RECORDS FOR PROCESSING =>
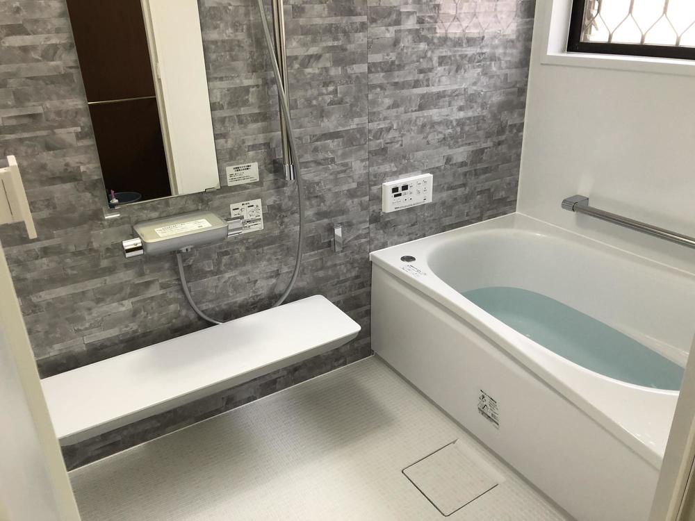 古くなった浴室をリフォームいたしました。 ダークトーンの壁パネルがいいアクセントになっています!
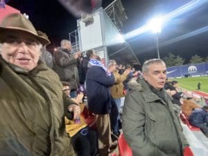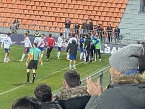 Exito de los fuegos artificiales navideños: se dispararon cuando salían los primeros jugadores del banquillo al campo y fueron un inesperado espectáculo muy aplaudido
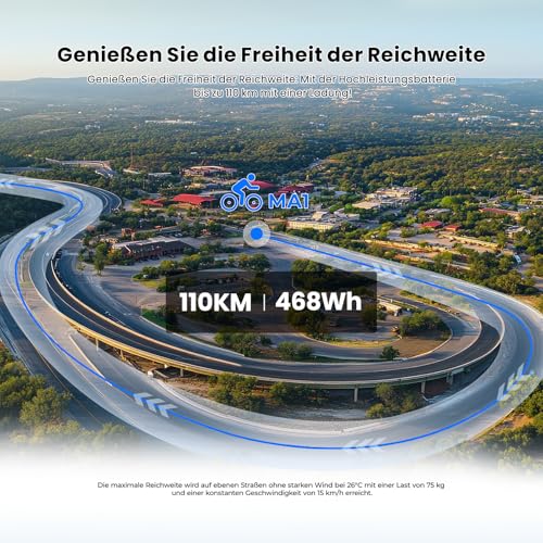 - Reichweite von bis zu 110km im Unterstützungsmodus dank 468Wh Akku
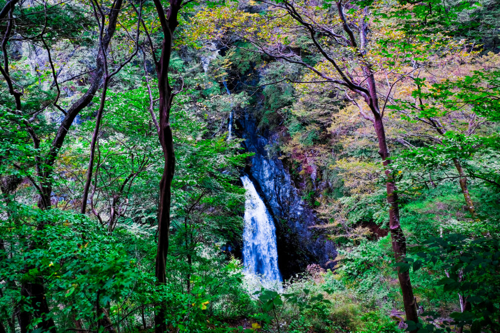 最大落差96mを誇る群馬県内最大級の滝。静かな山中に滝の音だけが響く秘境では、季節の花木と滝の競演を楽しむことができます。なかでも錦繍に包まれる紅葉シーズンは絶景。展望スペースは最大傾斜44%の「けさかけ橋」の対岸にあります。
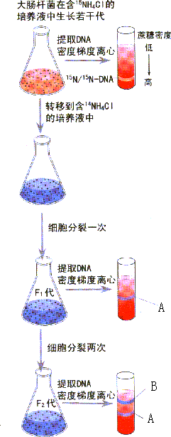 14、在氮源为15N的培养基上生长的大肠杆菌,其DNA分子均为15N—DNA(对照);在氮源为14N的培养基上生长的大肠杆菌其DNA分子均为14N—DNA(亲代)。将亲代大肠杆菌转移到含14N的培养基上,再连续繁殖两代(F1和F2),用某种离心方法分离得到的结果如图所示。请分析:
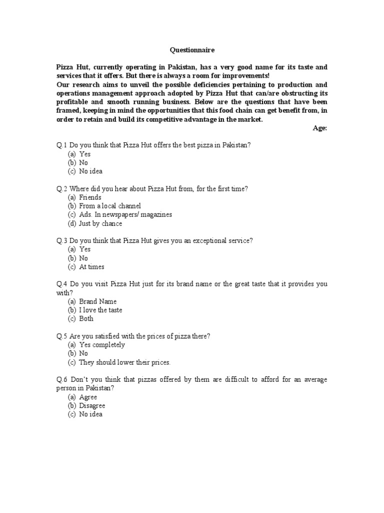 Questionnaire Pizza Hut Docshare Tips
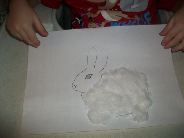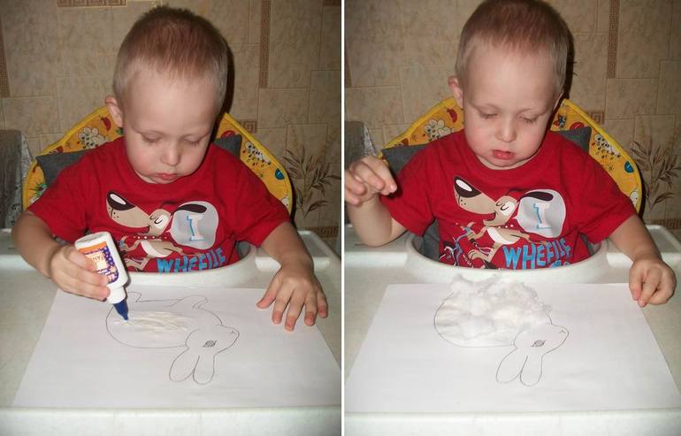 Клеили вату на клей ПВА. А клей через вату прилипал к рукам, и Максимке это не очень понравилось. Вместе доделали шубку.
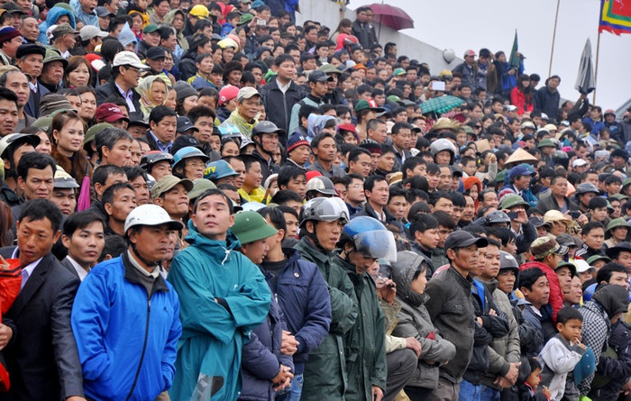 | Từ đầu giờ sáng, người dân đã tới sân vận động Trung tâm TTDTT thị trấn Phúc Thọ để xem các “ông trâu” phô diễn sức mạnh. |
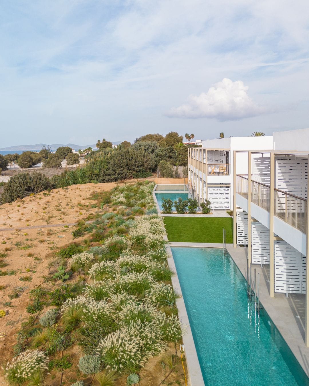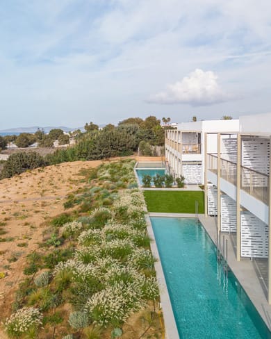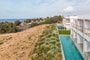 approx. 30-32 m2 open plan; located on the ground floor in front of the beach with uninterrupted sea view plus direct access to a sharing pool & either a private sundeck with sunbeds or a smaller terrace with poufs
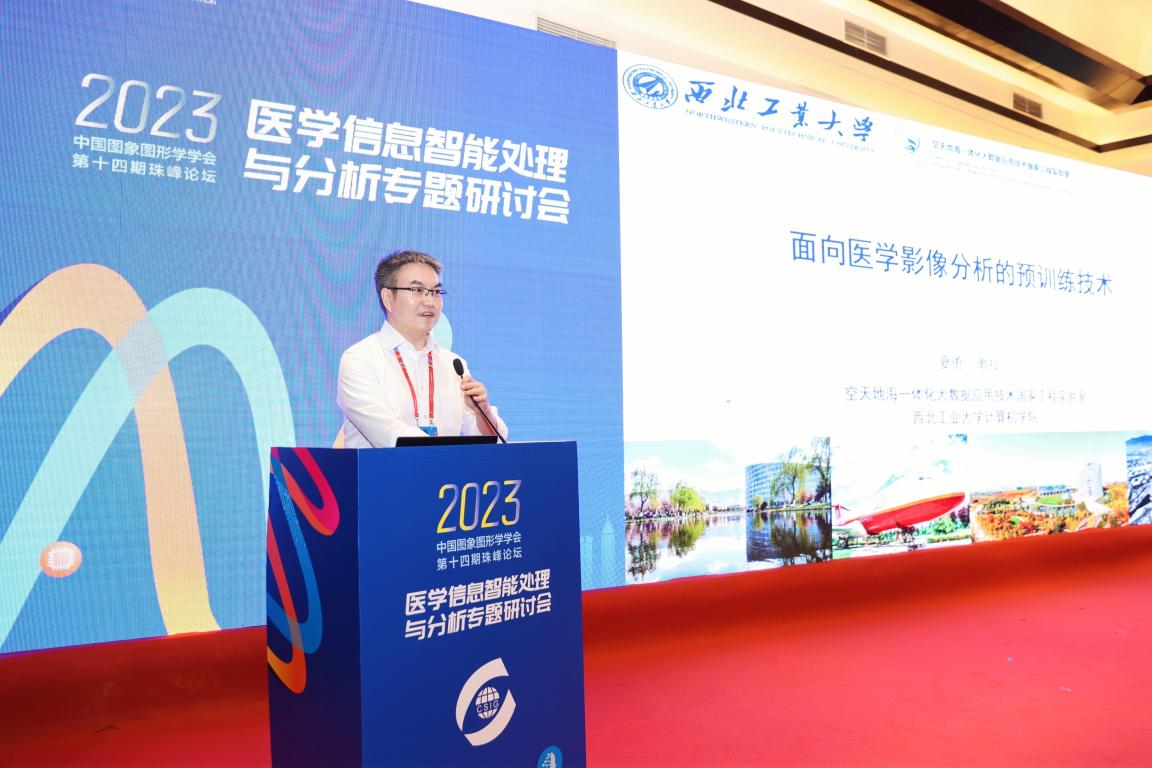 夏勇教授作题为“面向医学影像分析的预训练技术”的报告。报告围绕医学影像分析模型预训练的技术挑战,从数据标注、数据维度、模型能力这几个角度,介绍报告人课题组开展的相关研究和经验体会,并探讨医学影像分析模型预训练的机遇与挑战。

YOUR ASSIGNMENT => Set the pictures aside and transcribe exactly the stretch of lines above, beginning with the one holding "Exito de los" and ending with the one holding "Клеили вату на".

WRITTEN SOLUTION =>
 Exito de los fuegos artificiales navideños: se dispararon cuando salían los primeros jugadores del banquillo al campo y fueron un inesperado espectáculo muy aplaudido
 - Reichweite von bis zu 110km im Unterstützungsmodus dank 468Wh Akku
 最大落差96mを誇る群馬県内最大級の滝。静かな山中に滝の音だけが響く秘境では、季節の花木と滝の競演を楽しむことができます。なかでも錦繍に包まれる紅葉シーズンは絶景。展望スペースは最大傾斜44%の「けさかけ橋」の対岸にあります。
 14、在氮源为15N的培养基上生长的大肠杆菌,其DNA分子均为15N—DNA(对照);在氮源为14N的培养基上生长的大肠杆菌其DNA分子均为14N—DNA(亲代)。将亲代大肠杆菌转移到含14N的培养基上,再连续繁殖两代(F1和F2),用某种离心方法分离得到的结果如图所示。请分析:
 Questionnaire Pizza Hut Docshare Tips
 Клеили вату на клей ПВА. А клей через вату прилипал к рукам, и Максимке это не очень понравилось. Вместе доделали шубку.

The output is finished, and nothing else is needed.